Instructions to follow: The records that follow are to be transcribed in full, without their images.

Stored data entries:
=-=-=
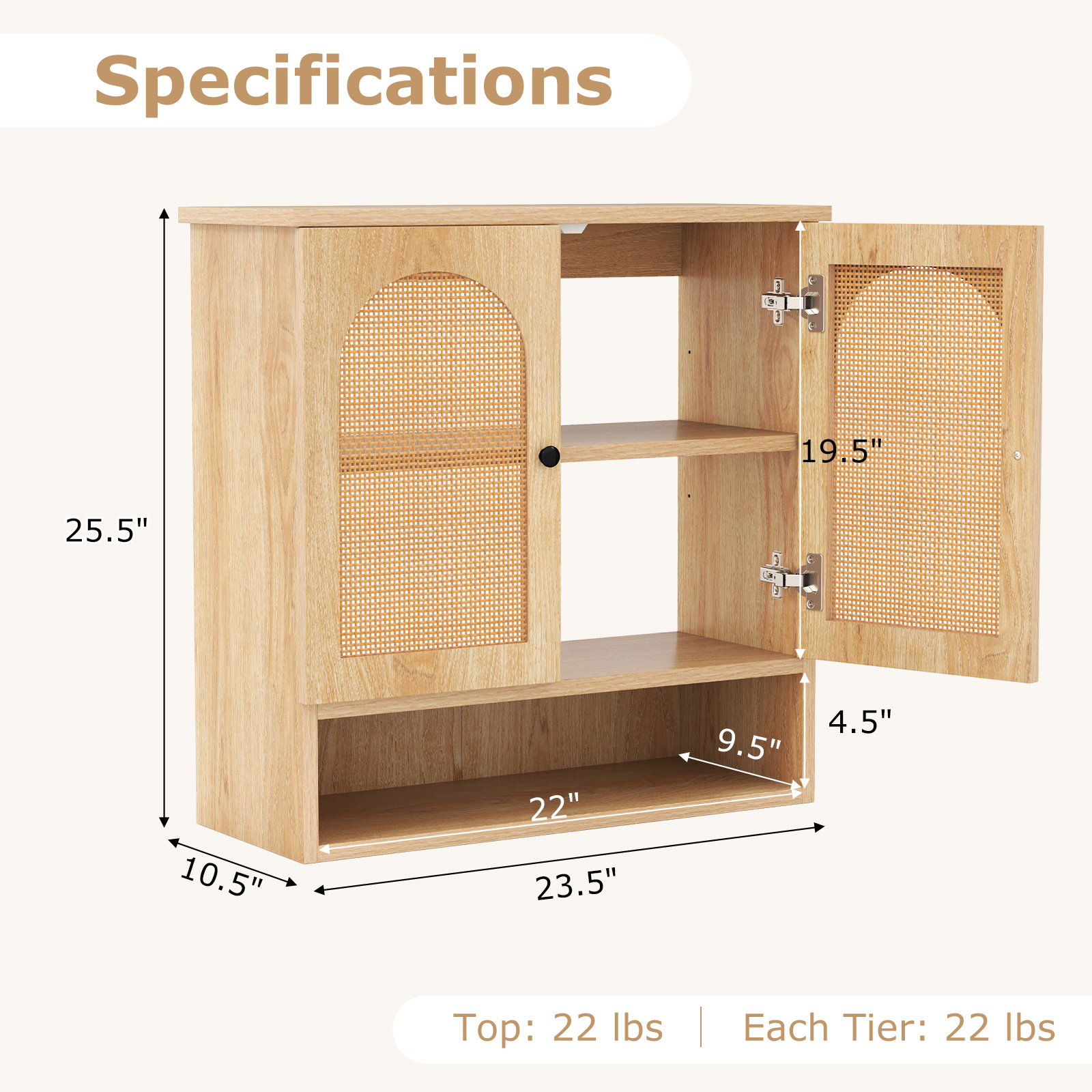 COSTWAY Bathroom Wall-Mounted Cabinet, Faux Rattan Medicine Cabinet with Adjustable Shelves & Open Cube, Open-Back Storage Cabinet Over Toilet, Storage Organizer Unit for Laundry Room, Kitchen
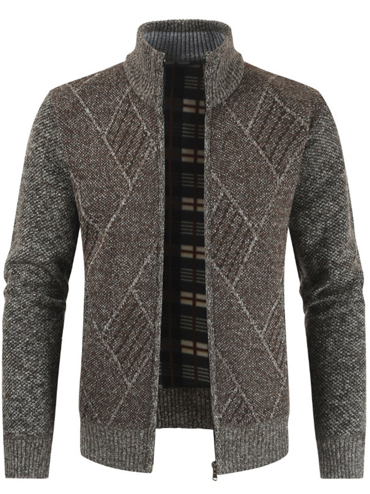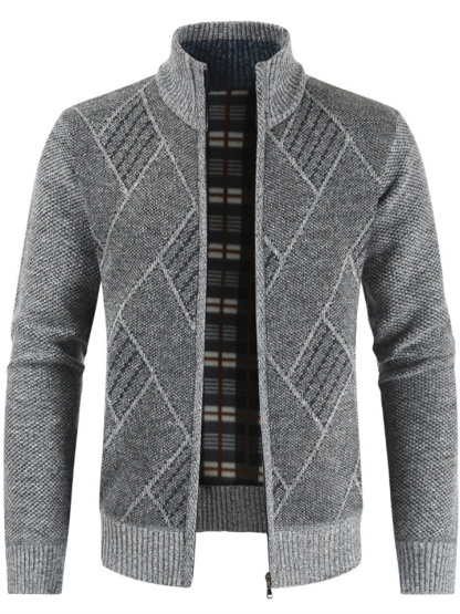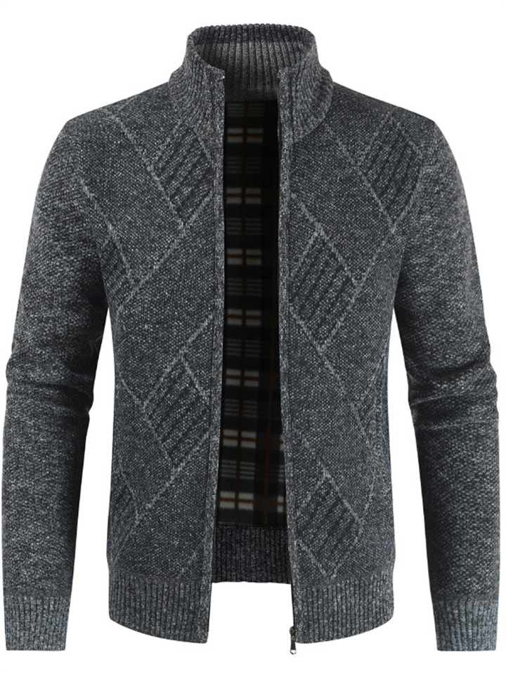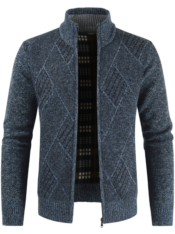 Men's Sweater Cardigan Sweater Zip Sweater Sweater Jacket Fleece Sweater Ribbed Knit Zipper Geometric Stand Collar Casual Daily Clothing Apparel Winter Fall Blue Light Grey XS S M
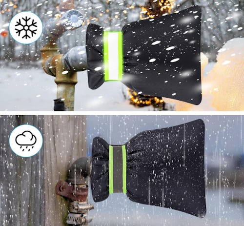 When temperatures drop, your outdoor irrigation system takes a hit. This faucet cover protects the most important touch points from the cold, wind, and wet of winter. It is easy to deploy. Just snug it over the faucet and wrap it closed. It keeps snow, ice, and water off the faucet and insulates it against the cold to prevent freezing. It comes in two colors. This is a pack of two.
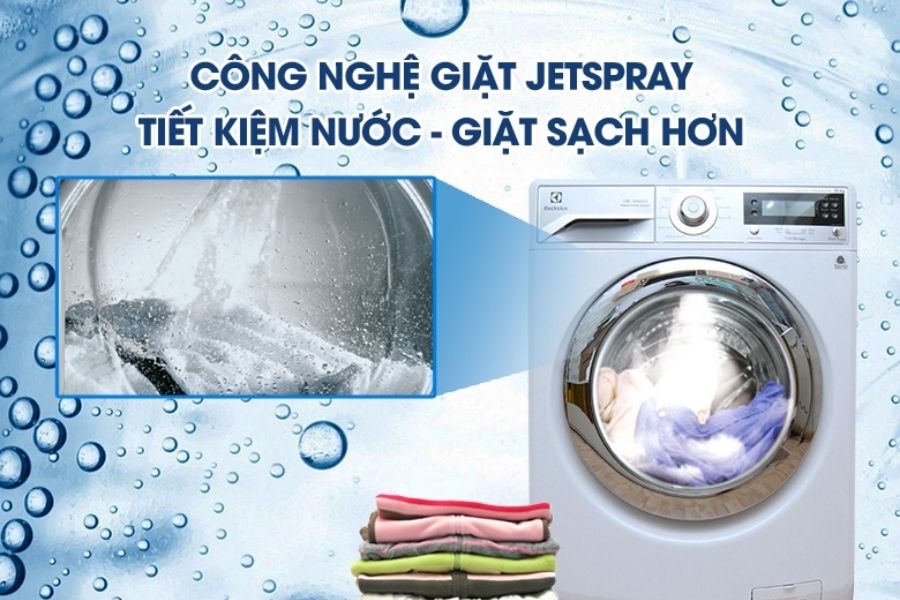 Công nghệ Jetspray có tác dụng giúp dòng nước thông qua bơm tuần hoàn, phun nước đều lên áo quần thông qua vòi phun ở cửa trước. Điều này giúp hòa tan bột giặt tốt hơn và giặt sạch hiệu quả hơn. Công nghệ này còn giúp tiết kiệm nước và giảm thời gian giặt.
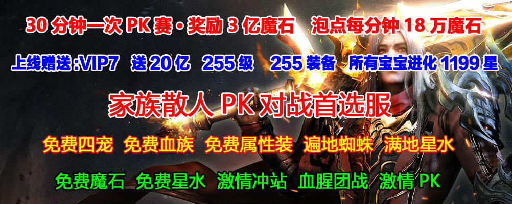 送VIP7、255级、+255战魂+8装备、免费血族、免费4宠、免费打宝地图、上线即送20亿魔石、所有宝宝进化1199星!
=-=-=
Result below:
 COSTWAY Bathroom Wall-Mounted Cabinet, Faux Rattan Medicine Cabinet with Adjustable Shelves & Open Cube, Open-Back Storage Cabinet Over Toilet, Storage Organizer Unit for Laundry Room, Kitchen
 Men's Sweater Cardigan Sweater Zip Sweater Sweater Jacket Fleece Sweater Ribbed Knit Zipper Geometric Stand Collar Casual Daily Clothing Apparel Winter Fall Blue Light Grey XS S M
 When temperatures drop, your outdoor irrigation system takes a hit. This faucet cover protects the most important touch points from the cold, wind, and wet of winter. It is easy to deploy. Just snug it over the faucet and wrap it closed. It keeps snow, ice, and water off the faucet and insulates it against the cold to prevent freezing. It comes in two colors. This is a pack of two.
 Công nghệ Jetspray có tác dụng giúp dòng nước thông qua bơm tuần hoàn, phun nước đều lên áo quần thông qua vòi phun ở cửa trước. Điều này giúp hòa tan bột giặt tốt hơn và giặt sạch hiệu quả hơn. Công nghệ này còn giúp tiết kiệm nước và giảm thời gian giặt.
 送VIP7、255级、+255战魂+8装备、免费血族、免费4宠、免费打宝地图、上线即送20亿魔石、所有宝宝进化1199星!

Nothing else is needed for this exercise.